# Exercise brief
The data must be given again exactly as written, with all images omitted.

# Data below
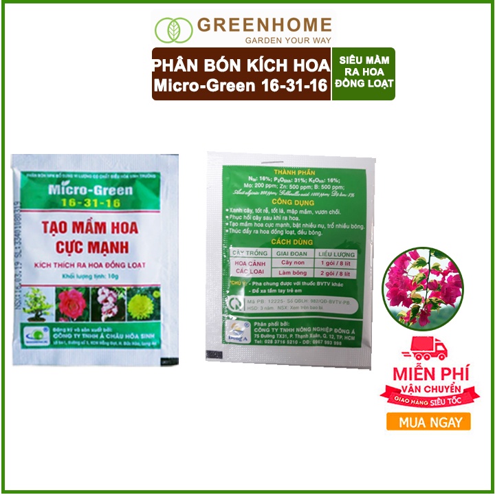 Nhà cửa & Đời sống > Làm vườn > Phân bón || Phân kích ra hoa, Micro Green 16-31-16, gói 10gr, tạo mầm hoa cực mạnh, thúc đẩy ra hoa đồng loạt |GreenhomeCòn hàng
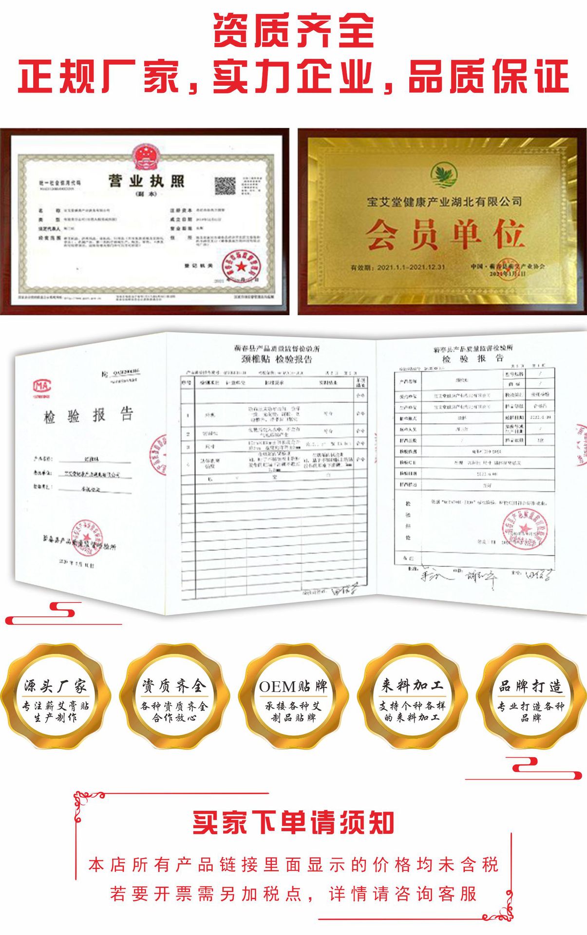本网页所展示的有关【艾灸贴颈椎腰椎自发热无烟热敷艾贴艾草精油温灸贴湖北蕲艾 贴批发_基础保健_宝艾堂健康产业湖北有限公司】的信息/图片/参数等由国民保健网的会员【宝艾堂健康产业湖北有限公司】提供,由国民保健网会员【宝艾堂健康产业湖北有限公司】自行对信息/图片/参数等的真实性、准确性和合法性负责,本平台(本网站)仅提供展示服务,请谨慎交易,因交易而产生的法律关系及法律纠纷由您自行协商解决,本平台(本网站)对此不承担任何责任。您在本网页可以浏览【艾灸贴颈椎腰椎自发热无烟热敷艾贴艾草精油温灸贴湖北蕲艾 贴批发_基础保健_宝艾堂健康产业湖北有限公司】有关的信息/图片/价格等及提供【艾灸贴颈椎腰椎自发热无烟热敷艾贴艾草精油温灸贴湖北蕲艾 贴批发_基础保健_宝艾堂健康产业湖北有限公司】的商家公司简介、联系方式等信息。
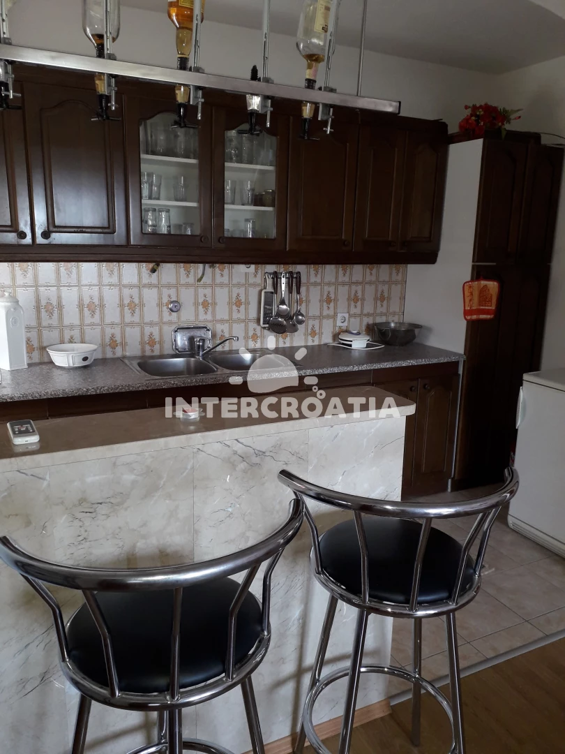 Apartmán se nachází 7440 m od moře a pláže. Pláž je písčitá, skalnatá, oblázková, větší kamení a betonové desky. Parkování je před domem.

# Response to this exercise
 Nhà cửa & Đời sống > Làm vườn > Phân bón || Phân kích ra hoa, Micro Green 16-31-16, gói 10gr, tạo mầm hoa cực mạnh, thúc đẩy ra hoa đồng loạt |GreenhomeCòn hàng
本网页所展示的有关【艾灸贴颈椎腰椎自发热无烟热敷艾贴艾草精油温灸贴湖北蕲艾 贴批发_基础保健_宝艾堂健康产业湖北有限公司】的信息/图片/参数等由国民保健网的会员【宝艾堂健康产业湖北有限公司】提供,由国民保健网会员【宝艾堂健康产业湖北有限公司】自行对信息/图片/参数等的真实性、准确性和合法性负责,本平台(本网站)仅提供展示服务,请谨慎交易,因交易而产生的法律关系及法律纠纷由您自行协商解决,本平台(本网站)对此不承担任何责任。您在本网页可以浏览【艾灸贴颈椎腰椎自发热无烟热敷艾贴艾草精油温灸贴湖北蕲艾 贴批发_基础保健_宝艾堂健康产业湖北有限公司】有关的信息/图片/价格等及提供【艾灸贴颈椎腰椎自发热无烟热敷艾贴艾草精油温灸贴湖北蕲艾 贴批发_基础保健_宝艾堂健康产业湖北有限公司】的商家公司简介、联系方式等信息。
 Apartmán se nachází 7440 m od moře a pláže. Pláž je písčitá, skalnatá, oblázková, větší kamení a betonové desky. Parkování je před domem.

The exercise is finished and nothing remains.